Aveva ammazzato barbaramente tante persone, uomini e donne, vecchi e giovani ed aveva una paura spaventevole della morte. Implorava grazia per tutti i Santi del Cielo, e urlava che il Santo Padre rappresentante di un Dio di bontà e di misericordia doveva perdonargli. Lo mandassero pure in galera, lo chiudessero nel più tetro carcere, ma gli lasciassero la vita.
Si dovette legarlo per forza e imbavagliarlo affinché s’azzittasse.
Quando giungemmo sulla piazza del Popolo, ch’era gremita d’una folla impaziente di assistere allo spettacolo di uno squartamento, si sprigionò da tutti i petti un sospiro di soddisfazione.
- Eccolo! Eccolo!
E siccome era già giunta la notizia delle resistenza che aveva fatto si aggiungeva:
- Ora è in mano di Mastro Titta, non c’è più pericolo che scappi: dalle sue mani non si sfugge.

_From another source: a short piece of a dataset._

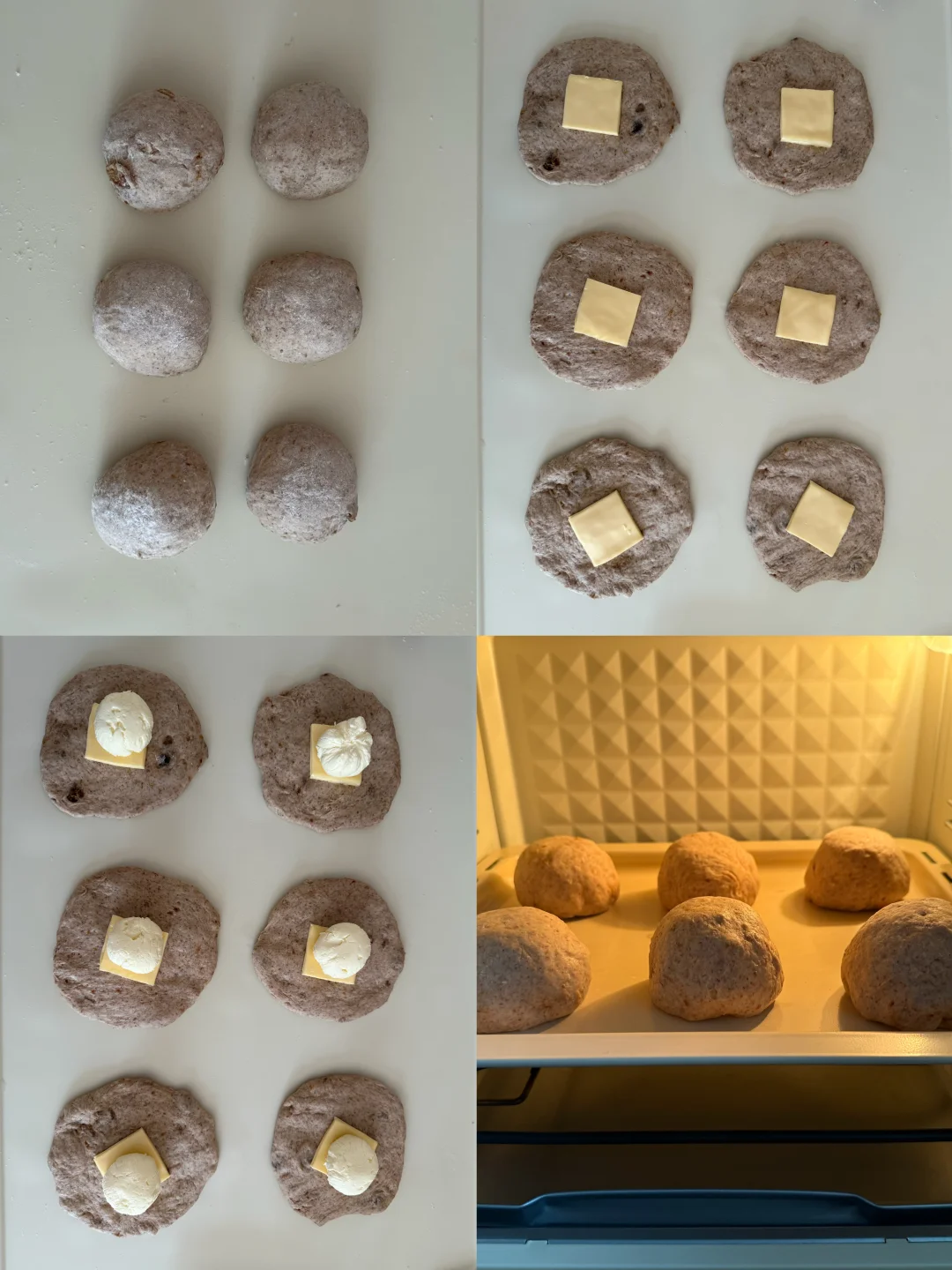 4.面团平均分6份擀开放芝士片和乳酪 收口包圆

Avvicinandomi al palco udii ancora distintamente parecchie grida di: viva Mastro Titta; e quando l’ebbi lanciato nel vuoto, col capestro ben annodato intorno al collo, scoppiarono anco degli applausi. Sicuro, mi battevano le mani, salvo a mettermi a pezzi, se fossi disgraziatamente caduto in loro potere in un momento buono. Per fortuna conoscevo bene gli umori della folla e non mi sono mai lasciato lusingare dalle cortesie, come non mi sono mai intimorito per le minaccie.
Ma non era stata agevole l’impiccagione di quell’indiavolato.
Non appena toltogli il bavaglio, ricominciò ad urlare, a chiedere grazia e ad invocare le celesti legioni perché discendessero a liberarlo. Non era svenuto come tanti altri, possedeva ancora tutte le sue forze; ma era mestieri trascinarlo e portarlo su a braccia mentre si dibatteva.